Mungkin ini kejadian yang tak pernah terungkap, dan boleh gue sharing karena cukup mengganggu pikiran gue.

Ini kejadian saat-saat setelah Sumatera Barat diguncang gempa 7,6 skala richter, yang membuat Kota Padang dan Pariaman hancur. Apakah kejadian ini membuat mereka tersadar? Hmmm..kalo gue katakan ngga juga....

Kejadian gempa di Sumbar merupakan kejadian yang cukup hebat menimpa pulau Sumatera setelah bencana Tsunami Aceh beberapa tahun yang lalu. Kalo ditelisik, kedua daerah itu sama-sama men-state bahwa daerahnya mengusung religiusitas yang tinggi, yang satu sebagai Serambi Mekkah, yang satu lagi mengadaptasi Adat Basandi Syarak, Syarak Basandi Kitabullah. Bencana yang menimpa keduanya bisa jadi jalan Tuhan menguji keimanan penuduk di daerah tersebut, yang dengan sadar mengadaptasi nilai Ketuhanan (baca: Islam) dalam menjalankan kehidupannya.

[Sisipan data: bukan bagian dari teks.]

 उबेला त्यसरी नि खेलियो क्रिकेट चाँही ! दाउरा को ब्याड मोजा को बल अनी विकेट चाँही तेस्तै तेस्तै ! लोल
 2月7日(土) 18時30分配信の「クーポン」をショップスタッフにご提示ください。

Namun ada banyak kejadian yang mengganggu benak gue, dan ngga tau apa ini bisa ditangkap rasionalitas gue yang pemahaman agamanya mungkin ngga bagus-bagus amat. Namun sebagai manusia normal gue punya sisi humanis yang secara universal dianut semua umat manusia di dunia. Dan melihat beberapa kejadian, cukup bikin kernyit di dahi gue bertambah rasanya.

Kejadian 1:
Kejadian ini terjadi dalam perbincangan salah satu ketua Satkorlak dan lembaga keagamaan (sebut saja HT) dengan perawakan berjanggut, bercelana ngatung, dan berjidat hitam. Perbincangan terjadi di Gubernuran, yang menjadi media center bencana gempa di Sumbar, posisi gue di situ lagi mencatat sejumlah informasi untuk mensupply para jurnalis CNN yang kebetulan gue menjadi pemandunya.

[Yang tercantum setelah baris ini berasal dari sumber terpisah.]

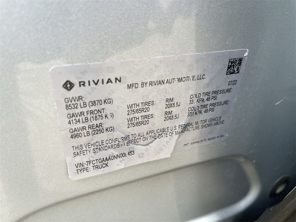 2022 Rivian R1T Adventure AWD All-Electric Truck Built for AdventureExperience the future of off-road travel with this 2022 Rivian R1T Adventure AWD. This electric crew-cab pickup fuses rugged capability, cutting-edge tech, and eco-friendly performance into a versatile package that shines whether you're towing gear, charging ahead on trails, or cruising city roads.Performance & PowertrainThis R1T comes with Rivians quad-motor all-wheel drive system, delivering strong torque, excellent traction, and confident handling in all conditions. Thanks to its large battery pack, it offers an EPA-rated range of approximately 314 miles on a single charge, making it a top choice among electric trucks for both daily driving and longer journeys. It can haul up to 11,000 lbs of towing weight while still offering electric-powered strength and whisper-quiet operation.Design & UtilityThe Adventure trim brings premium touches throughout: a well-appointed interior, thoughtful storage solutions like Rivians Gear Tunnel, a cavernous front frunk, and durable materials made for life outdoors and in. The bed is capable, and the overall size is crew-cab friendlyroom for people, gear, and ambition.Comfort & FeaturesInside, youll find modern conveniences that elevate the drive: heated front seats, advanced infotainment, strong connections (USB and wireless), and interior styling that blends toughness with sophistication. The cabin is built to atmosphere-shiftfrom getting muddy to going upscale.Off-Road & VersatilityWith robust suspension, high ground clearance, and multiple drive modes tailored for off-road trails, this R1T is built to go places many trucks cant. Whether its sand, snow, mud, or gravel, it delivers. And thanks to its electric drivetrain, you get instant torque for climbing, smooth regenerative braking on descents, and fewer moving parts than a gas-powered truck.Why This Rivian R1T Adventure Stands OutAll-electric, adventure capable with impressive electric range.High towing capacity makes it functional for serious work.Packed with tech and thoughtful storage for outdoor gear.Rugged enough for trails, refined enough for daily driving.

Orang HT (HT) : Pak, kami datang kemari membawa sejumlah bantuan untuk para korban gempa, kami sekarang butuh tempat tinggal, dan moda transportasi untuk kebutuhan kami.
Kepala Satkorlak (KS) : Oh baik, tapi kami saat ini sedang mengalami keterbatasan, dan kami tidak dapat menyediakan penginapan ataupun kendaraan untuk saat ini.
HT : Bagaimana tidak bisa Pak? Kami di sini datang dengan maksud baik masak kami tidak difasilitasi?
KS : Bapak-Bapak, mohon maaf karena saat ini juga kami mengalami kesulitan, berbagai fasilitas juga ikut hancur, kami tidak bisa memenuhi keinginan Bapak-Bapak.
HT : Lho, bagaimana bisa? Bapak kan pejabat negara, ditugasi negara, bagaimana Bapak tidak bisa menyediakan fasilitas untuk kami tempat tinggal dan kendaraan?
KS : Bapak-Bapak, kalau memang ada, tentu akan kami sediakan, sekarang memang kondisinya tidak ada, dan kami pun sekarang juga mengalami kesulitan.
HT : (Dengan nada marah) Bapak itu digaji oleh negara! Sudah semestinya Bapak membantu kami!
KS : (Dengan masih berusaha sabar) Bapak-Bapak, kalau melihat tim lain, baik dari Swiss, Amerika, Australia, negara-negara lain, bahkan lembaga lain, mereka berusaha memenuhi kebutuhan tempat tinggal dan kendaraannya secara mandiri. Mereka mau membantu kami tanpa juga harus memberatkan kami di sini.
HT : Saya tidak mengerti dengan Bapak. Saat kami membantu bencana gempa di Jogja, kami difasilitasi penuh oleh pemerintah daerahnya. Kalo ini apa?
KS : Bapak-Bapak, apakah pernah mengalami gempa? Bencana seperti ini?
HT : Iya, kami pernah! Waktu tsunami di Aceh! (dengan nada kesal)
KS : Lha, kalau sudah mengalaminya, kenapa sikap Bapak-Bapak seperti ini?
HT : (Terdiam, dan tak berlangsung lagi bantahannya)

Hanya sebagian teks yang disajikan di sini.